Таково именно и было отношеніе благонамѣреннаго большинства во французскомъ обществѣ временъ революціи: оно держало себя съ изумительною пассивностью, по крайней мѣрѣ на первыхъ порахъ, пока его не застращали терроромъ. Второю причиной, частною въ данномъ событіи, было исключительно несчастливое стеченіе многихъ обстоятельствъ. Главнѣйшія изъ нихъ – слабость короля, дѣлавшаго уступки за уступками революціонному движенію, вмѣсто того, чтобы энергически подавить его въ самомъ началѣ, и неспособность его правительства, которое не умѣло принять меръ къ дѣйствительному успокоенію недовольства въ странѣ, разоренной войнами Людовика XIV и безумными тратами двора Людовика XV.
Отсюда возможность такихъ явленій, какъ напр. разграбленіе чернью Парижскаго арсенала и затѣмъ пресловутое взятіе Бастиліи, такъ недавно еще изображаемое въ видѣ геройской битвы, тогда какъ въ сущности это было варварское избіеніе нѣсколькихъ инвалидовъ многотысячною толпою науськанной черни, которую можно было разогнать нѣсколькими зарядами картечи.
Третьею причиной была шатость понятій въ самой благонамѣренной части общества и духъ поверхностнаго и легкомысленнаго отрицанія, посѣянный предшествовавшею литературой XVIII вѣка и въ особенности такъ называемыми «энциклопедистами», творенія которыхъ въ наше время серіозный человѣкъ не можетъ читать безъ улыбки.
Что касается черни, то съ нею вожаки революціи совсѣмъ уже не церемонились, разсѣивая въ ней возмутительныя клеветы на иноземку-королеву Марію-Антуанету и возбуждая ненависть противъ лучшаго изъ королей.
Кто же были этѣ вожаки революціи и во имя чего онѣ вели свою безсовѣстную пропаганду? Имѣютъ ли онѣ хоть жалкое іезуитское оправданіе, что цѣль оправдываетъ средства?
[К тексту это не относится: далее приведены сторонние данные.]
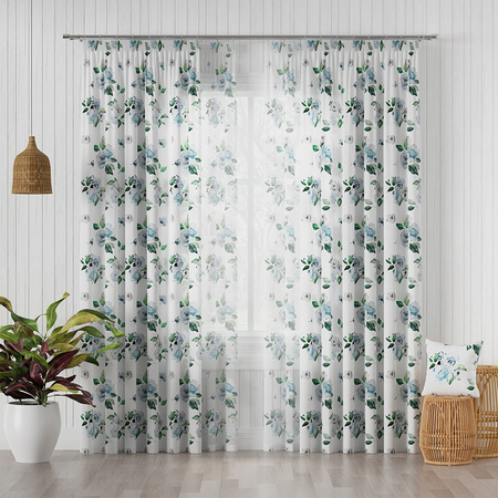 • Zasłona dekoracyjna praktyczna ,motyw roślinny, subtelna kolorystyka. Zasłona posiada obszyte boki oraz wszytą taśmę marszczącą.

Увы! Исторія безпощадно низвела этихъ людей съ искусственнаго пьедестала,, поставила ихъ въ надлежащія мѣста и разоблачила ихъ мотивы. Не имѣя возможности привести характеристику хотя бы наиболѣе выдающихся дѣятелей революціи, которыхъ десятки, возьмемъ по крайней мѣрѣ двухъ наиболѣе прославленныхъ вожаковъ ея: Робеспьера и Марата.
Максимиліанъ Робеспьеръ,
родившійся въ 1758 году, адвокатъ изъ Арраса, человѣкъ весьма ограниченнаго ума, тупой и близорукій доктринеръ, и какъ это всегда бываетъ у такихъ людей, непоколебимо увѣренный въ непогрѣшимости своихъ утопическихъ воззрѣній, темъ самымъ и занялъ первое мѣсто въ рядахъ революціи. Мирабо, называвшій его за невзрачную фигуру и хриплый голосъ «кошкой хлебнувшей уксусу», прибавлялъ однако, что Робеспьеръ «вѣрилъ всему, что говоритъ и ни передъ чѣмъ не остановится». Онъ и не останавливался, затѣявъ ни больше ни меньше какъ истребить всѣхъ несогласныхъ съ его образомъ мыслей.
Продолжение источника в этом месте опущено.